======== DATA PROVIDED

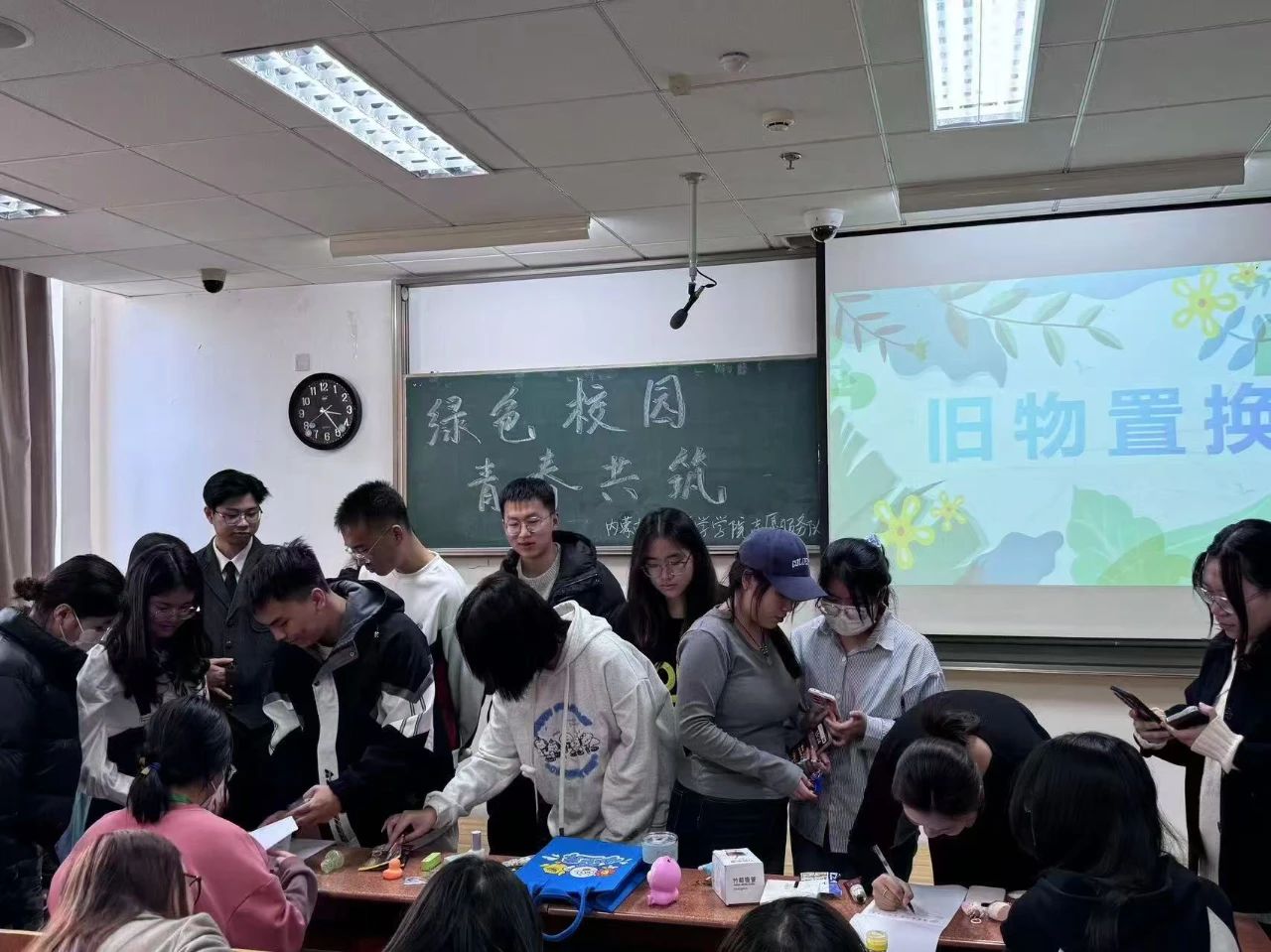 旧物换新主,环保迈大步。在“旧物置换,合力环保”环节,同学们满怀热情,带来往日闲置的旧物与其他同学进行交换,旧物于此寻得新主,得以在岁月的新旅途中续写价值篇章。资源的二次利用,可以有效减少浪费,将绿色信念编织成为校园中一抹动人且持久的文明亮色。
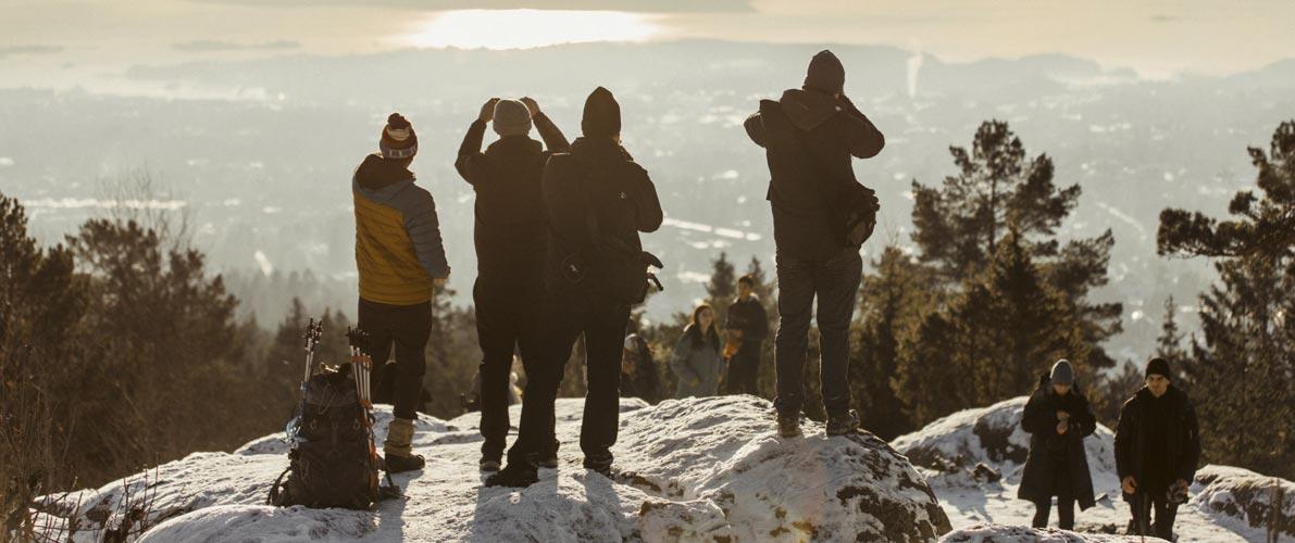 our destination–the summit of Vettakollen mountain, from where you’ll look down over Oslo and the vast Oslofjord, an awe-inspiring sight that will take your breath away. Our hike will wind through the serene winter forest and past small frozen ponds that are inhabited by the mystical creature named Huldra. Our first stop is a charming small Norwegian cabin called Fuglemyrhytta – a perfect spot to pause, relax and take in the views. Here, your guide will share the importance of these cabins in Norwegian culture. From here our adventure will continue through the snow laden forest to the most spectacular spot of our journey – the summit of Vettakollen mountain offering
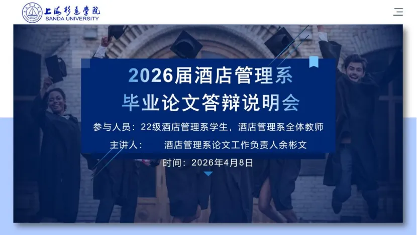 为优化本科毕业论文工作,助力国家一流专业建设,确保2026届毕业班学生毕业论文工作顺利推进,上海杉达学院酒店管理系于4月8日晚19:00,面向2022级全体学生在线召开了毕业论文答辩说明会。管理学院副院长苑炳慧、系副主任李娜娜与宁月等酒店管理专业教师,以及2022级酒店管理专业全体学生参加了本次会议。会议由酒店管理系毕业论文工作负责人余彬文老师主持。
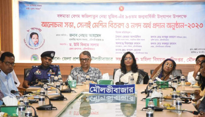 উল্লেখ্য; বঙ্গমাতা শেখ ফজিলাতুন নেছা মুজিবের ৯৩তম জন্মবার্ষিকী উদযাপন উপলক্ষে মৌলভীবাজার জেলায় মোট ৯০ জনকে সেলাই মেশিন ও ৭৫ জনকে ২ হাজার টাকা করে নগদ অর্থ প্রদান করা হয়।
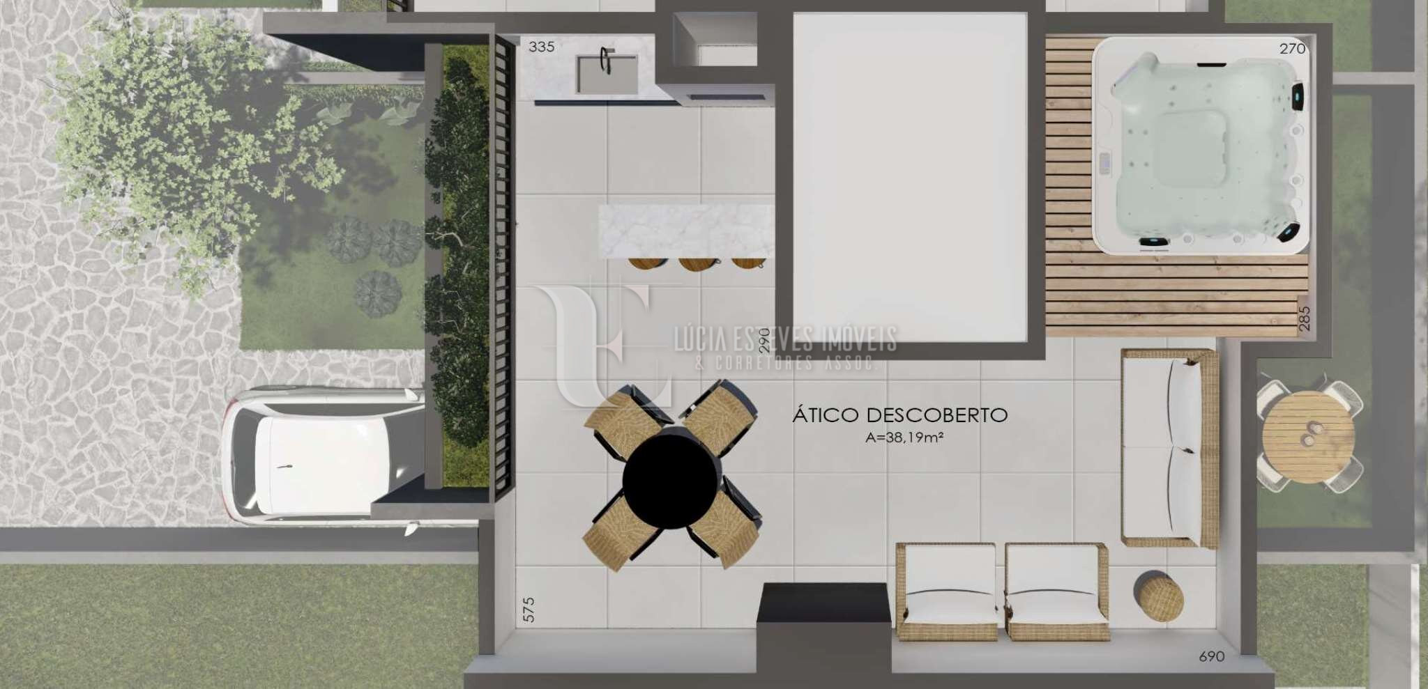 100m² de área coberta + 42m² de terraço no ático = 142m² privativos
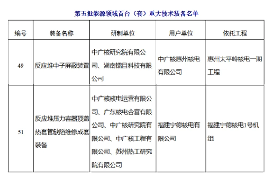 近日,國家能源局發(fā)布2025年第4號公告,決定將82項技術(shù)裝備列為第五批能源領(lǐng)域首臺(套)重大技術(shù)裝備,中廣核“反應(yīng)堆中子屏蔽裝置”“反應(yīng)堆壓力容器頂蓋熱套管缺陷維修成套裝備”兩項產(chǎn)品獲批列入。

================

# EXERCISE BRIEF
Leaving out the pictures, repeat all of the entries exactly.

# OUTPUT OF THE TASK
 旧物换新主,环保迈大步。在“旧物置换,合力环保”环节,同学们满怀热情,带来往日闲置的旧物与其他同学进行交换,旧物于此寻得新主,得以在岁月的新旅途中续写价值篇章。资源的二次利用,可以有效减少浪费,将绿色信念编织成为校园中一抹动人且持久的文明亮色。
 our destination–the summit of Vettakollen mountain, from where you’ll look down over Oslo and the vast Oslofjord, an awe-inspiring sight that will take your breath away. Our hike will wind through the serene winter forest and past small frozen ponds that are inhabited by the mystical creature named Huldra. Our first stop is a charming small Norwegian cabin called Fuglemyrhytta – a perfect spot to pause, relax and take in the views. Here, your guide will share the importance of these cabins in Norwegian culture. From here our adventure will continue through the snow laden forest to the most spectacular spot of our journey – the summit of Vettakollen mountain offering
 为优化本科毕业论文工作,助力国家一流专业建设,确保2026届毕业班学生毕业论文工作顺利推进,上海杉达学院酒店管理系于4月8日晚19:00,面向2022级全体学生在线召开了毕业论文答辩说明会。管理学院副院长苑炳慧、系副主任李娜娜与宁月等酒店管理专业教师,以及2022级酒店管理专业全体学生参加了本次会议。会议由酒店管理系毕业论文工作负责人余彬文老师主持。
 উল্লেখ্য; বঙ্গমাতা শেখ ফজিলাতুন নেছা মুজিবের ৯৩তম জন্মবার্ষিকী উদযাপন উপলক্ষে মৌলভীবাজার জেলায় মোট ৯০ জনকে সেলাই মেশিন ও ৭৫ জনকে ২ হাজার টাকা করে নগদ অর্থ প্রদান করা হয়।
 100m² de área coberta + 42m² de terraço no ático = 142m² privativos
 近日,國家能源局發(fā)布2025年第4號公告,決定將82項技術(shù)裝備列為第五批能源領(lǐng)域首臺(套)重大技術(shù)裝備,中廣核“反應(yīng)堆中子屏蔽裝置”“反應(yīng)堆壓力容器頂蓋熱套管缺陷維修成套裝備”兩項產(chǎn)品獲批列入。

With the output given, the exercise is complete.